What If a Fire Strikes?
Despite everything, a fire can strike. Being prepared will help reduce its devastating effects. The first few minutes following a fire are the most significant; any inappropriate action or inaction at this stage can have far-reaching consequences. Just as the appropriate first aid applied immediately after of an accidental injury can save life and promote rapid recovery, the correct response to a fire can keep effects minimal.

When a fire occurs, notify the fire department, the police department, and the insurance company. Next, call a disaster restoration company to help prevent further damage. Because fire departments usually do not recommend specific disaster restoration professionals, a business should reference its contingency plan or contact its insurance company immediately to ascertain the restoration company to call, and then work with that company to minimize damage and business interruption.

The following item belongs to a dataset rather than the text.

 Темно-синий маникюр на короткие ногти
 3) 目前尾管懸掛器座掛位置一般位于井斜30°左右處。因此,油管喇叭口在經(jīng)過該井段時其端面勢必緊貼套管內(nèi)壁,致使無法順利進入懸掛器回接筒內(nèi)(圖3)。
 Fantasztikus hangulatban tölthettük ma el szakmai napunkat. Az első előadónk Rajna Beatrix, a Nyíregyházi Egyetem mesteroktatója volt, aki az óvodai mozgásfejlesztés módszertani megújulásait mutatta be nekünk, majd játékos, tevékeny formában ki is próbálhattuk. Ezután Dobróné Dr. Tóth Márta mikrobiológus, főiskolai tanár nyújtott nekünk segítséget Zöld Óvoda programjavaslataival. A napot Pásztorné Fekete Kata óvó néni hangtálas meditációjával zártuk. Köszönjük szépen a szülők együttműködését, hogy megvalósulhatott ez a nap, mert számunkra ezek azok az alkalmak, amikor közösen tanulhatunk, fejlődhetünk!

By evaluating the materials and surfaces affected, a disaster restoration company can provide an understanding of the fire's chemistry and allow for a targeted, informed restoration effort. Even though each fire's chemistry differs, one of the most important things disaster restoration companies do immediately is wipe down the affected areas to avoid further damage caused by humidity and acidic residues. They will use air scrubbers, which are highly filtered air machines, so soot particles will not recontaminate air and will limit redistribution of contaminated particles while restoration work continues. They will pull all filters from the HVAC system, clean and recondition the system, and then install new filters.

A fire can involve well more than 100 chemical elements. A fire at a business is usually a complex fire, the result of incomplete combustion and fueled by synthetic materials, including those found in carpets, furniture, plumbing, and other equipment. Complex fires cause the most damage and leave the most waste, but disaster restoration professionals can professionally handle the cleanup and restoration.

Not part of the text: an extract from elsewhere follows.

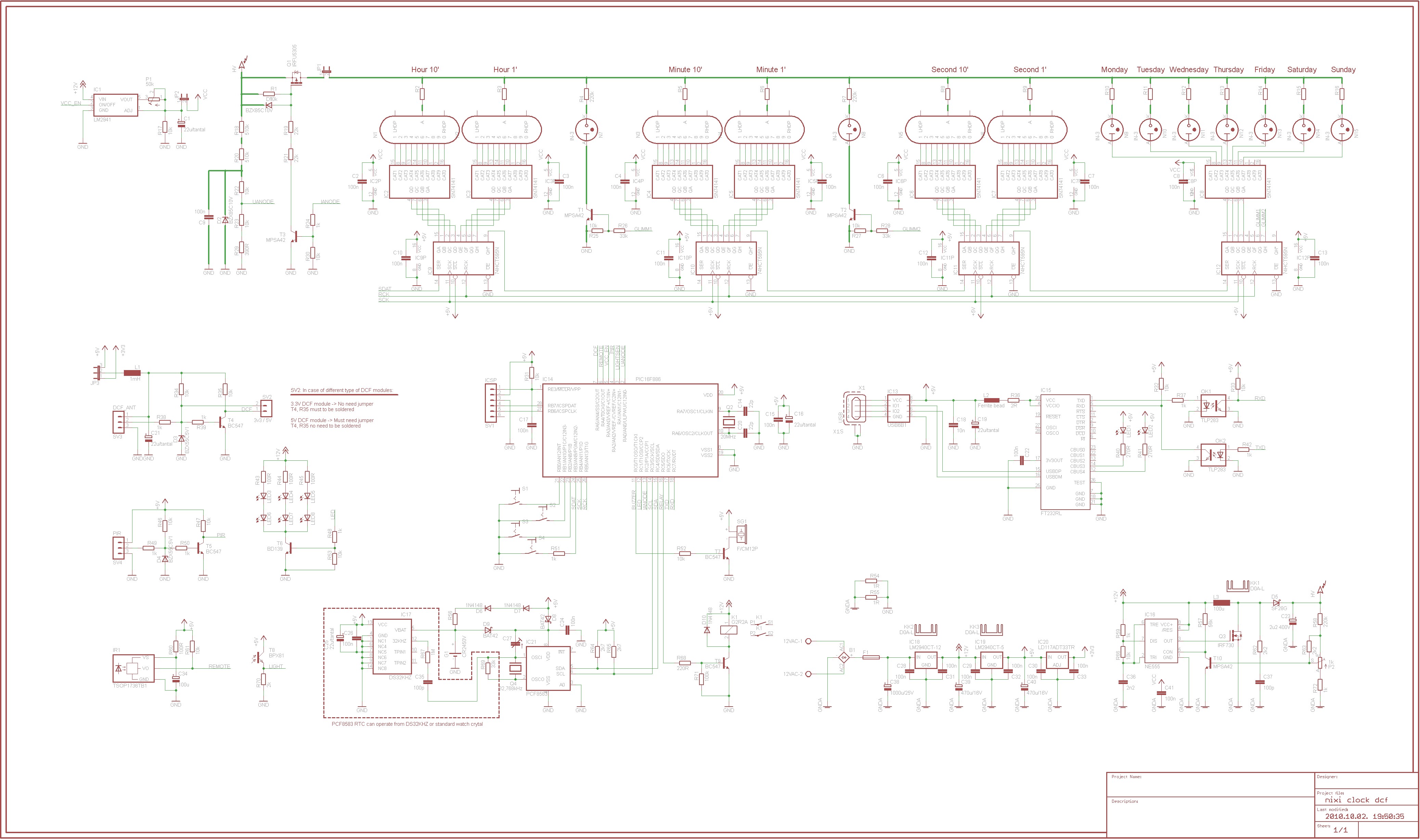 A tervezésnek nekikezdtem, elég furcsán jönnek ki a lábkiosztások a shift regisztereknél: nálam a nyákon lerajzolva, sorban így jönnek a digitek: H1, H10, M1, M10, S1, S10. Engem nem különösebben zavar, de könnyen bele lehet kavarodni, ha az ember majd csak rutinszerűen rakná össze az órát. Javaslom, ha még nem késő, a shift regiszterek kimeneteit kicsit megváltoztatni (csak az első IC-re írom le):

In a complex fire, acid gases combine with water vapor and penetrate cracks and crevices. When surfaces cool, the gases condense and form highly corrosive solutions. The biggest hurdle for a business can be the secondary damage from acidic gases. Most fires and their byproducts attach to metal, marble, glass, and other materials and etch them, leaving permanent damage if removal is delayed. After a fire, everything affected should be wiped down to remove acid-containing particles with treated dusting cloths or industrial dry cleaning sponges.

Getting Back to Business
The goal after a commercial fire is to prevent the interruption of business as much as possible and to get things up and running to prevent the loss of revenue. How cleanup will occur differs with each business sector; cleaning a grocery store differs from cleaning a general office building or hospital. A good contingency plan and disaster restoration company will help a business recover.

In choosing such a company, look for a recognizable name and 24-hour emergency capabilities. A quick-responding firm with enough personnel to hand the loss and the know-how to deal with all major health issues will have clearly documented work guarantees and training certifications to handle possible dangers from asbestos, lead-based paint, smoke, and other airborne particles.

Any fire is destructive in some way, of course, but by diligently planning to prevent fires and to minimize the damage should one occur, a business can defy the odds against surviving financially and ultimately get its operations back to normal.